J’ai grandi dans l’agglomération orléanaise, juste à côté de la centrale de Saint-Laurent-des-Eaux qui a ses deux tours de refroidissement imposantes avec son apanage de fumée qui s’élève et que l’on voit d’assez loin. De ce côté-là, c’est tout plat donc elles structurent le paysage. C’est, au départ, presqu’une image d’enfance. Comme quelque chose qui était là, même si c’était assez loin. Et par ailleurs, c’est la seule centrale qui a eu un grave accident en 1980 puis un incident en 1987. Il y a aussi des souvenirs d’enfance et d’adolescence qui sont liés à des questions de sécurité. Comment est-ce possible que cette chose, qui a l’air de structurer la vie en produisant de l’électricité, puisse être aussi nocive et inquiétante ?
Au départ, c’est quelque chose de très enfoui.
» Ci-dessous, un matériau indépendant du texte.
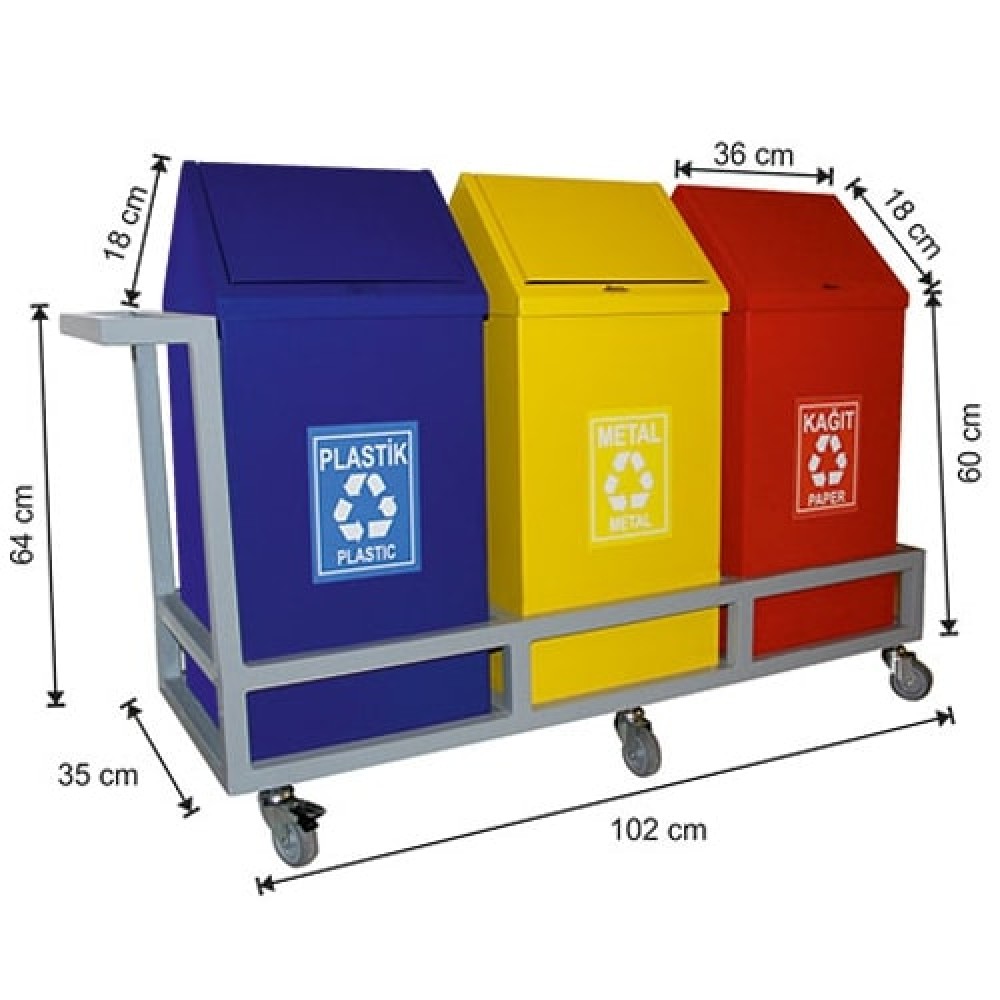 1862 Kafesli Tekerlekli Boyalı 3 Bölmeli Sıfır Atık Geri Dönüşüm Seti
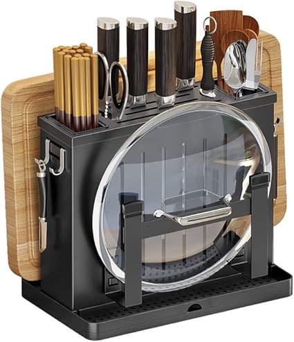 ・【コンパクトで収納簡単】多機能統合収納、スペースの有効利用、統合された包丁、まな板、箸立て、鍋蓋ホルダー、各種ナイフ、はさみ、箸、スプーン、フォーク、スプーン、まな板、鍋蓋、調理器具。 コンパクトかつ大容量でキッチンのスペースを有効活用できます。

Et en grandissant, j’avais deux amis qui habitaient au pied se la centrale, dans le village même. C’était encore plus fort de se demander ce qu’il se passerait s’il y avait un problème. Et la question est revenue quand j’ai tourné mon premier long-métrage, un documentaire qui s’appelle Julien. Je l’ai tourné là-bas. J’ai filmé la centrale et je me suis dit que ça ne serait pas pour ce film-là. J’ai enlevé les plans du montage, mais l’idée est restée. Il fallait s’y attaquer. Ça m’intéressait pour plein de raisons : la question du danger invisible, des questions de mise en scène aussi. Mais il y avait un point de départ qui était très simple, une image que j’avais en tête quand j’étais petit.
Et pourtant tu n’as pas situé ton histoire là-bas ?
C’est parce qu’il n’y a plus d’aides de cinéma de fiction en région Centre. J’ai cherché ailleurs et j’ai trouvé ces plaines extraordinaires et un peu vallonnées en Champagne. J’y ai retrouvé cet espace de puissance de vie. Julien avait été filmé avec ces étendues de blé. C’est toute une culture qui s’étend à perte de vue, qui est très impressionnante et qui peut même plutôt évoquer des paysages américains plutôt que français. Et en Champagne, c’était un bonheur, c’est pire que chez moi. On peut rouler pendant des kilomètres sans croiser une maison. C’est complètement fou. On pourrait être sur la lune. On n’a pas conscience de ça comme d’un paysage français alors que ça existe. Ça a été très stimulant de retrouver en Champagne ce qui m’intéressait, mais avec en plus ce côté vallonné qui permettaient des points de vue et cette immensité qui est très cinématographique. Le vide, c’est paradoxal. En plus, on tournait en cinémascope. C’est quelque chose de très spectaculaire.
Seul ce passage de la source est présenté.